1- Up and Run GlusterFS cluster:
To install and configure GlusterFS, follow the following steps:
# Install GlusterFS server on all STORAGE nodes.
apt install -y glusterfs-server
systemctl enable --now glusterd.service
Setup a Gluster volume with two replicas and one arbiter:
# Only on Node1 of STORAGE nodes.
gluster peer probe node005.b9tcluster.local
gluster peer probe node006.b9tcluster.local
gluster volume create k8s-volume replica 2 arbiter 1 transport tcp \
node004:/gluster/volume \
node005:/gluster/volume \
node006:/gluster/volume
gluster volume start k8s-volume
To view the volume information, run the following command:
gluster volume info k8s-volume
Volume Name: k8s-volume
Type: Replicate
Volume ID: dd5aac80-b160-4281-9b22-00ae95f4bc0c
Status: Started
Snapshot Count: 0
Number of Bricks: 1 x (2 + 1) = 3
Transport-type: tcp
Bricks:
Brick1: node004:/gluster/volume
Brick2: node005:/gluster/volume
Brick3: node006:/gluster/volume (arbiter)
Options Reconfigured:
transport.address-family: inet
storage.fips-mode-rchecksum: on
nfs.disable: on
performance.client-io-threads: off
2- Prepare Kubernetes worker nodes:
To enable Kubernetes workers to connect and use GlusterFS volume, you need to install glusterfs-client in WORKER nodes.
apt install glusterfs-client
Important tip! Each storage solution may need client packages to connect to the storage server. You should install them in all Kubernetes worker nodes.
For GlusterFS, the glusterfs-client package is required.
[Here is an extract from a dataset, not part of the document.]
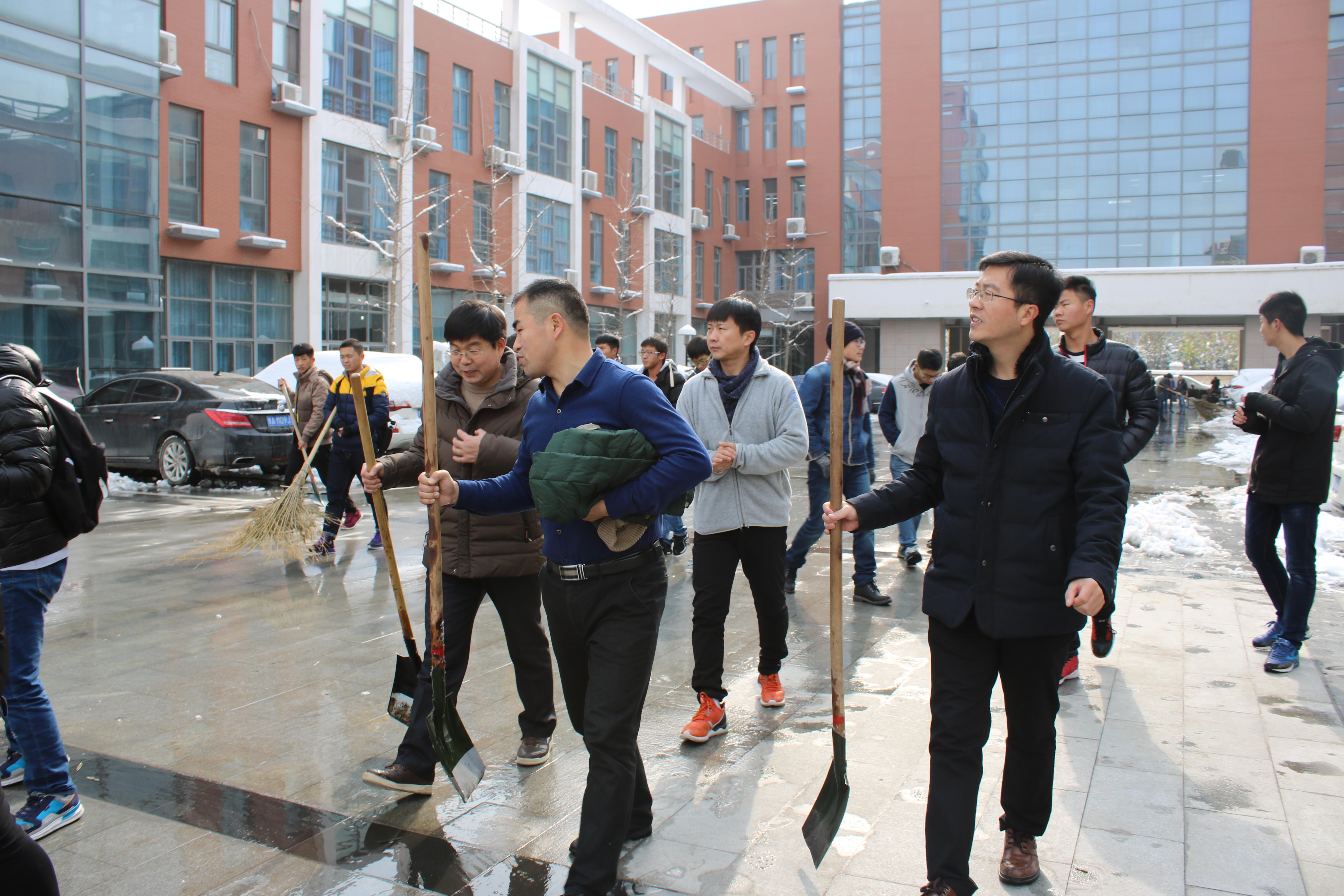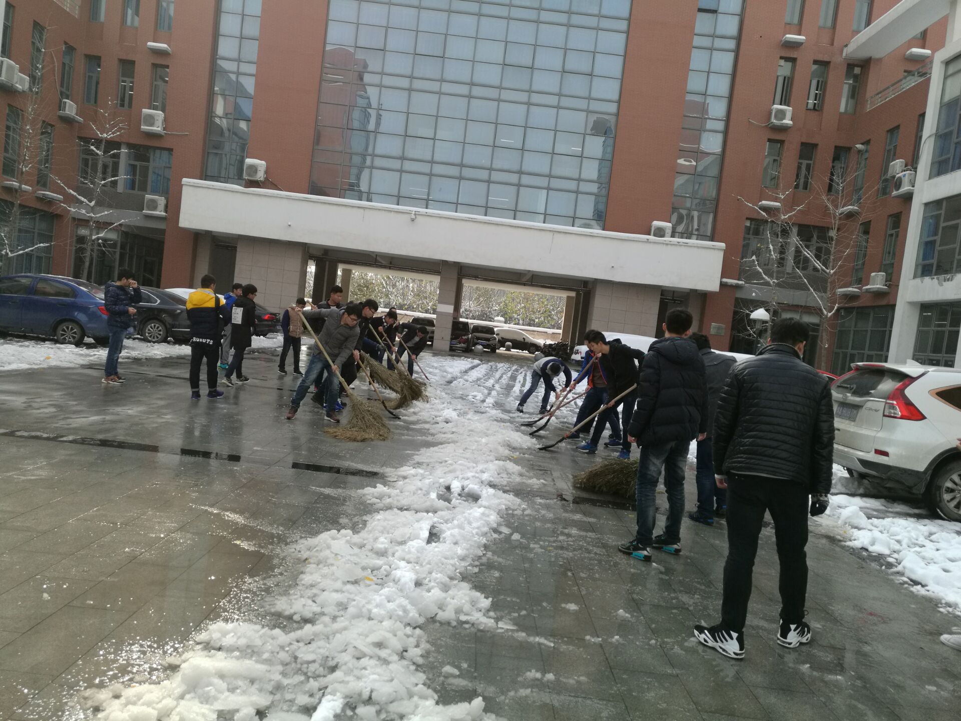 上午十点半,没课的同学及部分老师已经到达化工楼下,大家摩拳擦掌热情高涨,待除雪工具到位后大家分头进行。本次除雪任务分为两部分:一是将学院教学楼周围道路的积雪清理干净,二是将班车乘车点附近主干道上清理出一条通道,方便大家乘车。冬日的太阳虽然耀眼但依旧不能驱走雪后的寒意,虽然大家手上脸上都冻得通红,可是丝毫没有影响热情和工作效率。大家有的用铁锹铲,有的用扫把扫,有的用垃圾车运,不到两个小时就顺利完成了任务,大家在欢声笑语中结束了服务活动。

3- Discovering GlusterFS in Kubernetes:
GlusterFS cluster should be discovered in the Kubernetes cluster. To do that, you need to add an Endpoints object points to the servers of the GlusterFS cluster.
apiVersion: v1
kind: Endpoints
metadata:
name: glusterfs-cluster
labels:
storage.k8s.io/name: glusterfs
storage.k8s.io/part-of: kubernetes-complete-reference
storage.k8s.io/created-by: ssbostan
subsets:
- addresses:
- ip: 192.168.12.7
hostname: node004
- ip: 192.168.12.8
hostname: node005
- ip: 192.168.12.9
hostname: node006
ports:
- port: 1
4- Using GlusterFS in Kubernetes:
Method 1 – Connecting to GlusterFS directly with Pod manifest:
To connect to the GlusterFS volume directly with the Pod manifest, use the GlusterfsVolumeSource in the PodSpec. Here is an example:
apiVersion: v1
kind: Pod
metadata:
name: test
labels:
app.kubernetes.io/name: alpine
app.kubernetes.io/part-of: kubernetes-complete-reference
app.kubernetes.io/created-by: ssbostan
spec:
containers:
- name: alpine
image: alpine:latest
command:
- touch
- /data/test
volumeMounts:
- name: glusterfs-volume
mountPath: /data
volumes:
- name: glusterfs-volume
glusterfs:
endpoints: glusterfs-cluster
path: k8s-volume
readOnly: no
Method 2 – Connecting using the PersistentVolume resource:
Use the following manifest to create the PersistentVolume object for the GlusterFS volume. The storage size does not take any effect.
apiVersion: v1
kind: PersistentVolume
metadata:
name: glusterfs-volume
labels:
storage.k8s.io/name: glusterfs
storage.k8s.io/part-of: kubernetes-complete-reference
storage.k8s.io/created-by: ssbostan
spec:
accessModes:
- ReadWriteOnce
- ReadOnlyMany
- ReadWriteMany
capacity:
storage: 10Gi
storageClassName: ""
persistentVolumeReclaimPolicy: Recycle
volumeMode: Filesystem
glusterfs:
endpoints: glusterfs-cluster
path: k8s-volume
readOnly: no
Method 3 — Dynamic provisioning using StorageClass:
It’s time to explain the most challenging section, GlusterFS with Kubernetes StorageClass, to achieve dynamic storage provisioning. To accomplish this method, in addition to GlusterFS cluster, we need Heketi. Heketi is RESTful-based volume management for GlusterFS. We must use Heketi to allow Kubernetes to create volumes dynamically.
Requirements:
- A running GlusterFS to store the Heketi database.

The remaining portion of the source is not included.